Israeli officials caustically observed that the Saudis had only itemized how 15% of the $1 billion would actually be spent; it would be a cold day in Ouagadougou, they suggested, before the Africans would see the rest of the Saudis’ money. Perhaps so. But black African leaders enthusiastically accepted the offers at face value and in turn pledged their renewed commitment to the Arabs’ diplomatic campaign against Israel. The conference also enhanced the sense of identity between the two regions. Said Zambian President Kenneth Kaunda: “We are the product of the same struggle against domination and exploitation by foreign interests … In division, we cannot face the industrialized nations on equal terms.”

Cairo Declaration. In the final document, to be known as the Cairo declaration, delegates defined both the Palestinian guerrilla movement and black liberation groups in southern Africa as “joint Afro-Arab causes.” They called for total support of both the Arab “front line” states around Israel and the African “front line” states around Rhodesia, called Zimbabwe by blacks.

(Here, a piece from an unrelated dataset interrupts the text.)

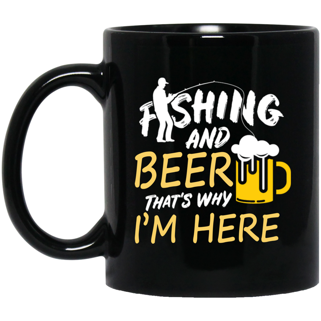 Fishing And Beer, That's Why I'm Here, I Love Fishing, Love Beer, Cheer Black Mug
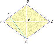 SABCD=AC*BD, з іншої сторони SABCD=AB•DK, де DK - h (висота ромба), Знайдемо висоту ромба:

On the side, the conference also provided an opportunity for Jordan’s King Hussein and the Palestine Liberation Organization’s Yasser Arafat to mend fences. After a ceremonial embrace, the two held their first private conversation in seven years, discussing the need for an eventual link between Jordan and a proposed Palestinian state in what is now the Israeli-occupied West Bank and Gaza Strip (see box).

Only seven weeks earlier, Cairo had been shaken by two days of rioting over rising food prices. Last week’s summit, however, took place without a hitch in security. The Kings, Sheiks, Emirs, Presidents and other chieftains (or their stand-ins) from 59 nations, plus leaders of the P.L.O. and several African liberation groups, were quartered in the city’s main hotels. From the Nile Hilton, they could walk across a huge red carpet to the Arab Socialist Union auditorium next door. Battalions of black-bereted Egyptian police lined the roads, ringed the official buildings, and even guarded the Hilton’s roof and stairways. In short, the delegates were protected from everything, suggested a local wit, except the hotel’s mayonnaise.

Big Daddy’s Revenge. Arab and African leaders alike were embarrassed by the conspicuous presence of Uganda’s Field Marshal and President for Life Idi Amin Dada, who at times appeared in full-dress uniform with row upon row of decorations covering his awesome chest. Throughout the conference he was ignored as much as possible, but Big Daddy got his revenge. Just as Syria’s President Hafez Assad was taking the rostrum to speak, Amin temporarily stole the show by speeding off, amid motorcycle sirens, to give a rambling and often incoherent press conference at which he declared, in case anybody was wondering, that he was not on the CIA payroll.

The delegates agreed to set up the nucleus of a permanent Afro-Arab organization and to hold a summit conference again in 1980. Both Uganda and Sudan offered their capitals as the site. Amin’s Kampala is not quite what the Afro-Arabs had in mind. But, as one Arab League official put it, “a lot can happen in three years.”